■ DATA SHOWN ■
/---

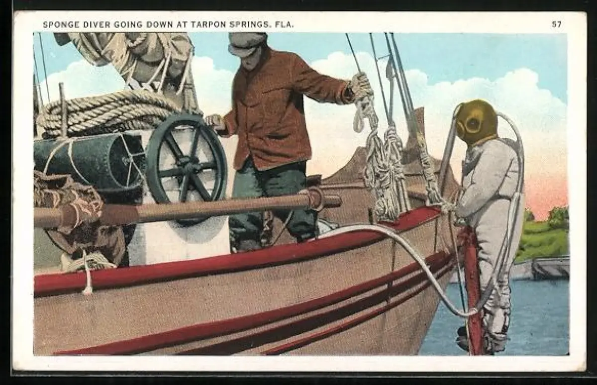 AK Tarpon Springs, Fla, Sponge Diver going down, Taucher im Taucheranzug
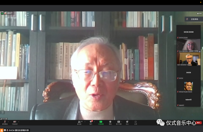开幕式由此次会议的发起人——上海音乐学院萧梅教授主持。她首先指出能够连续四次举办“丝绸之路上的乐器”专题研讨会的意义,并向出席开幕式的国际传统音乐学会(ICTM)主席斯文尼伯·帕顿(Svanibor Pettan)、上海音乐学院副院长刘英教授、上海音乐学院科研处处长伍维曦教授以及来自世界各地的近200位线上与线下的与会者们介绍前三次会议的出版成果:会议论文集《丝绸之路上的抱弹类鲁特》《丝绸之路上的复合簧管乐器》《丝绸之路上的鼓与鼓乐》。其后,她简要介绍了会议举办时间安排以及参会者情况。
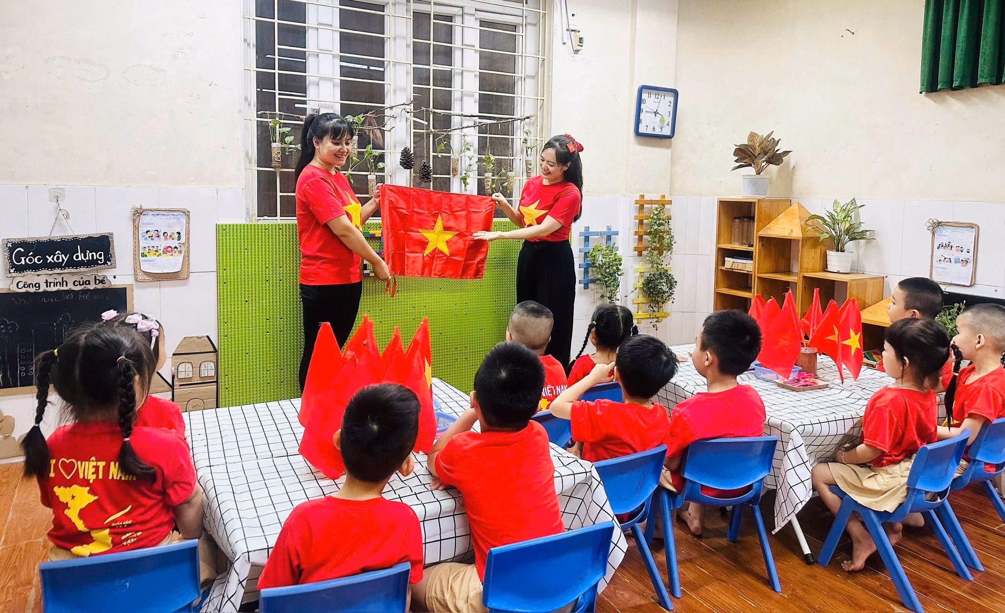 Tại Trường Tiểu học I-sắc Niu-tơn (phường Nghĩa Đô - TP Hà Nội), học sinh khối 2 đã cùng nhau tham gia hoạt động đầy ý nghĩa mang tên “Chong chóng Tôi yêu Việt Nam”. Các em học sinh đã cùng nhau tạo ra những chiếc chong chóng in mang sắc đỏ và vàng của lá cờ Tổ quốc, điểm thêm những khẩu hiệu ý nghĩa. Hoạt động không chỉ mang đến cho học sinh những phút giây trải nghiệm vui tươi mà còn góp phần nuôi dưỡng tình yêu Tổ quốc, khơi dậy niềm tự hào dân tộc.

\---

■ ACTIVITY ■
Would you please write out exactly the lines between the line containing "开幕式由此次会议的发起人——" and the last line of the listing above, inclusive, without pictures?

■ THE ANSWER ■
开幕式由此次会议的发起人——上海音乐学院萧梅教授主持。她首先指出能够连续四次举办“丝绸之路上的乐器”专题研讨会的意义,并向出席开幕式的国际传统音乐学会(ICTM)主席斯文尼伯·帕顿(Svanibor Pettan)、上海音乐学院副院长刘英教授、上海音乐学院科研处处长伍维曦教授以及来自世界各地的近200位线上与线下的与会者们介绍前三次会议的出版成果:会议论文集《丝绸之路上的抱弹类鲁特》《丝绸之路上的复合簧管乐器》《丝绸之路上的鼓与鼓乐》。其后,她简要介绍了会议举办时间安排以及参会者情况。
 Tại Trường Tiểu học I-sắc Niu-tơn (phường Nghĩa Đô - TP Hà Nội), học sinh khối 2 đã cùng nhau tham gia hoạt động đầy ý nghĩa mang tên “Chong chóng Tôi yêu Việt Nam”. Các em học sinh đã cùng nhau tạo ra những chiếc chong chóng in mang sắc đỏ và vàng của lá cờ Tổ quốc, điểm thêm những khẩu hiệu ý nghĩa. Hoạt động không chỉ mang đến cho học sinh những phút giây trải nghiệm vui tươi mà còn góp phần nuôi dưỡng tình yêu Tổ quốc, khơi dậy niềm tự hào dân tộc.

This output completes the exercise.